§ **Your task**
Please write out every line of the listing without alteration, but omit the images.

§ **Data provided**

▬▬▬▬▬▬

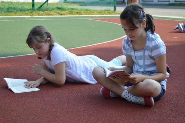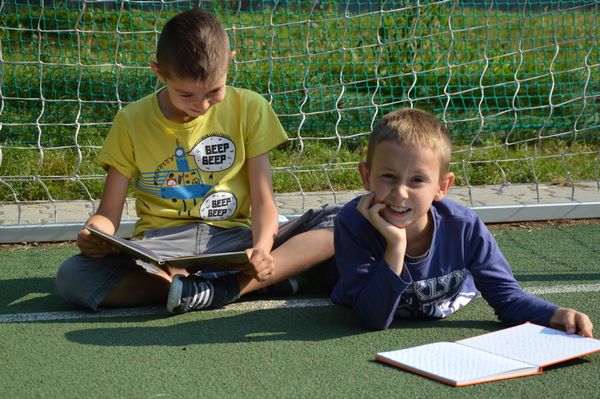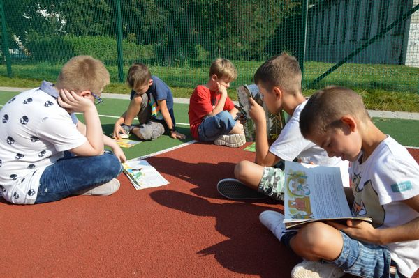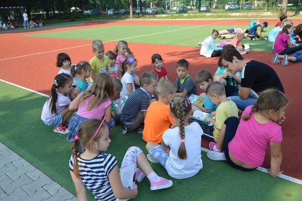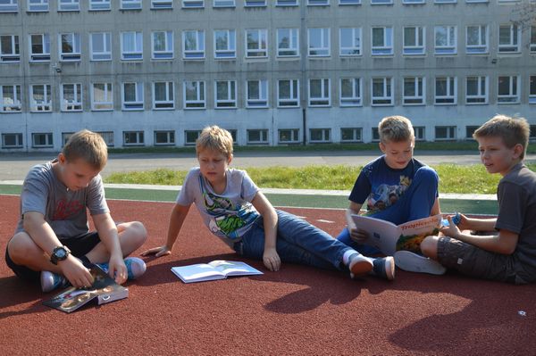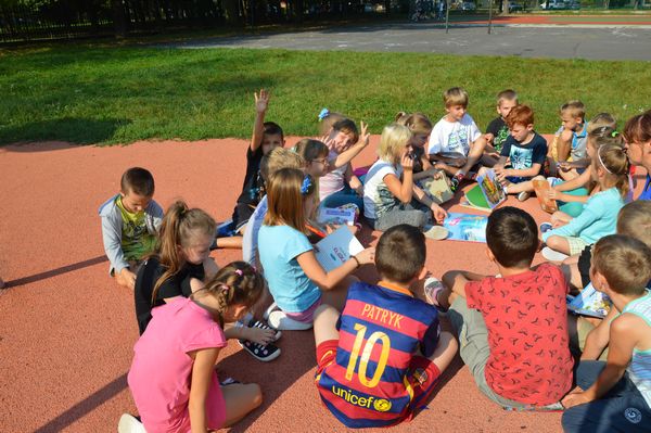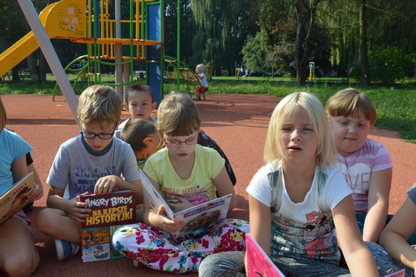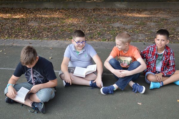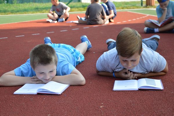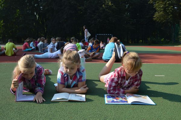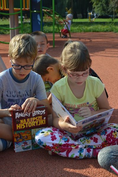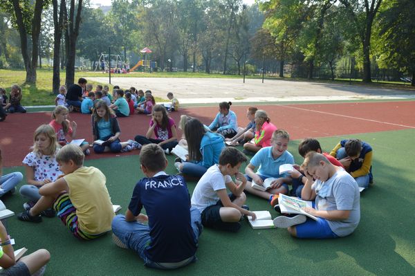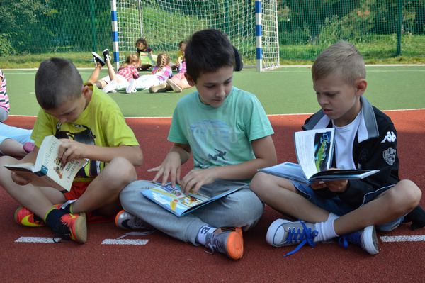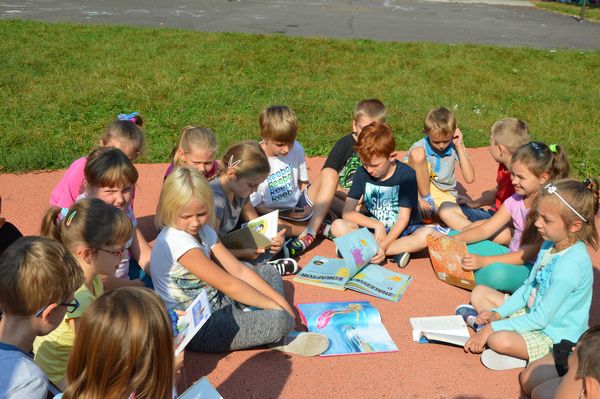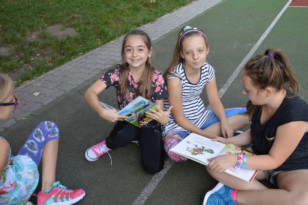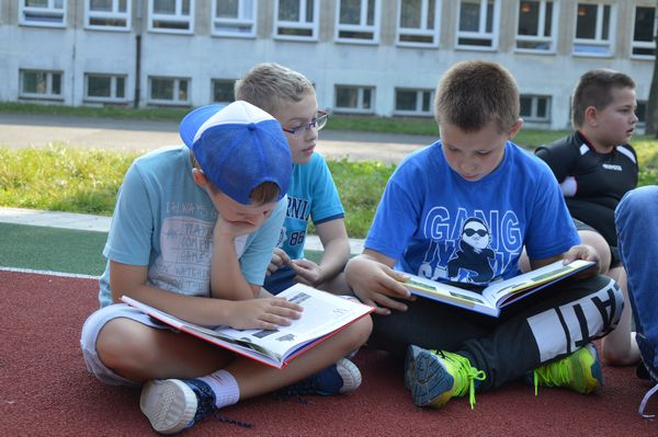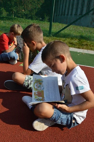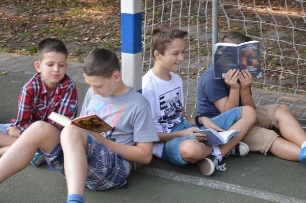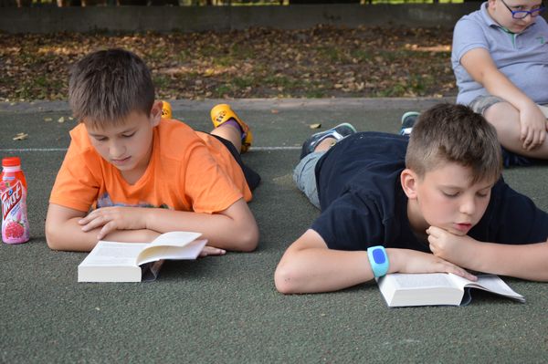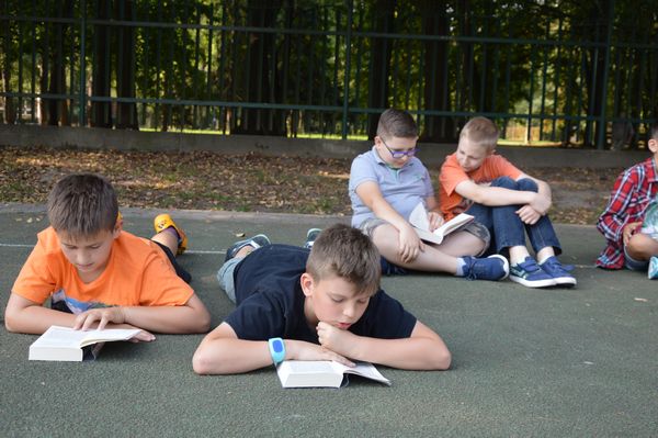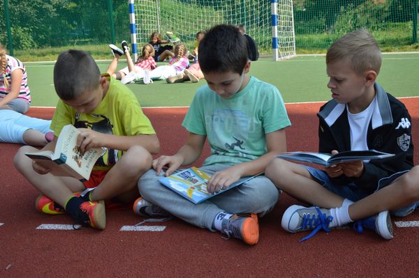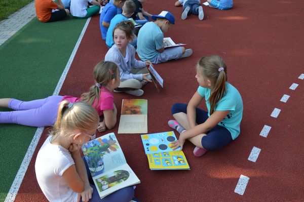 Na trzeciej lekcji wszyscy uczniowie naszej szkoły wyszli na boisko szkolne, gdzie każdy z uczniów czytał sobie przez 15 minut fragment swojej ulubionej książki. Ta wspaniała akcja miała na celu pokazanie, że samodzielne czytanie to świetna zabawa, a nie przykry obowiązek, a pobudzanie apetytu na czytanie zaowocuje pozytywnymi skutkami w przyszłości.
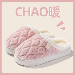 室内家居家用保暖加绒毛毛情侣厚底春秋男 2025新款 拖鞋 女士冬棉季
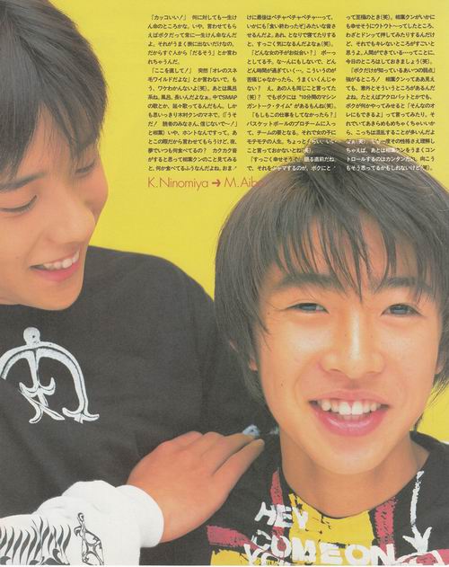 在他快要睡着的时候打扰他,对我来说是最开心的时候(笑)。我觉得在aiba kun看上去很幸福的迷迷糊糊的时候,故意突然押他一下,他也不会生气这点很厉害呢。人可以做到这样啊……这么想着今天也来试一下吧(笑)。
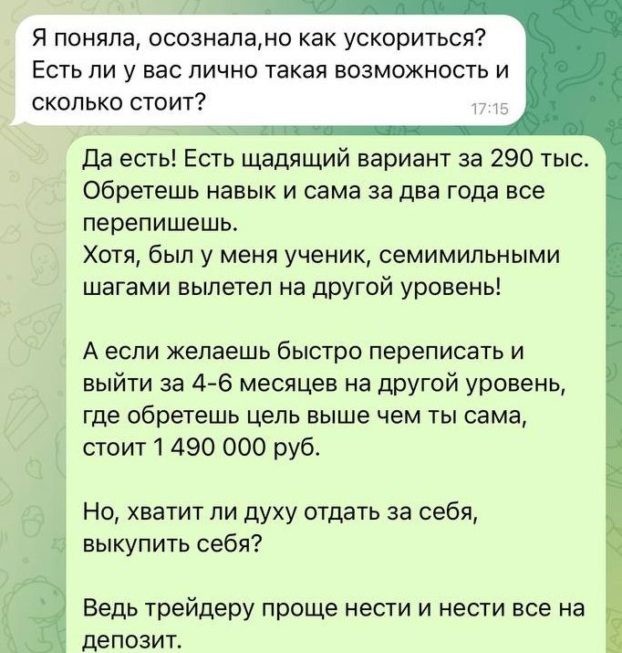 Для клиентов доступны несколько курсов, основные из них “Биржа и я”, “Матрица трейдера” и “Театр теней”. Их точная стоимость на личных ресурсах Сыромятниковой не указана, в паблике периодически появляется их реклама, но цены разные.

▬▬▬▬▬▬

§ **Written answer**
 Na trzeciej lekcji wszyscy uczniowie naszej szkoły wyszli na boisko szkolne, gdzie każdy z uczniów czytał sobie przez 15 minut fragment swojej ulubionej książki. Ta wspaniała akcja miała na celu pokazanie, że samodzielne czytanie to świetna zabawa, a nie przykry obowiązek, a pobudzanie apetytu na czytanie zaowocuje pozytywnymi skutkami w przyszłości.
 室内家居家用保暖加绒毛毛情侣厚底春秋男 2025新款 拖鞋 女士冬棉季
 在他快要睡着的时候打扰他,对我来说是最开心的时候(笑)。我觉得在aiba kun看上去很幸福的迷迷糊糊的时候,故意突然押他一下,他也不会生气这点很厉害呢。人可以做到这样啊……这么想着今天也来试一下吧(笑)。
 Для клиентов доступны несколько курсов, основные из них “Биржа и я”, “Матрица трейдера” и “Театр теней”. Их точная стоимость на личных ресурсах Сыромятниковой не указана, в паблике периодически появляется их реклама, но цены разные.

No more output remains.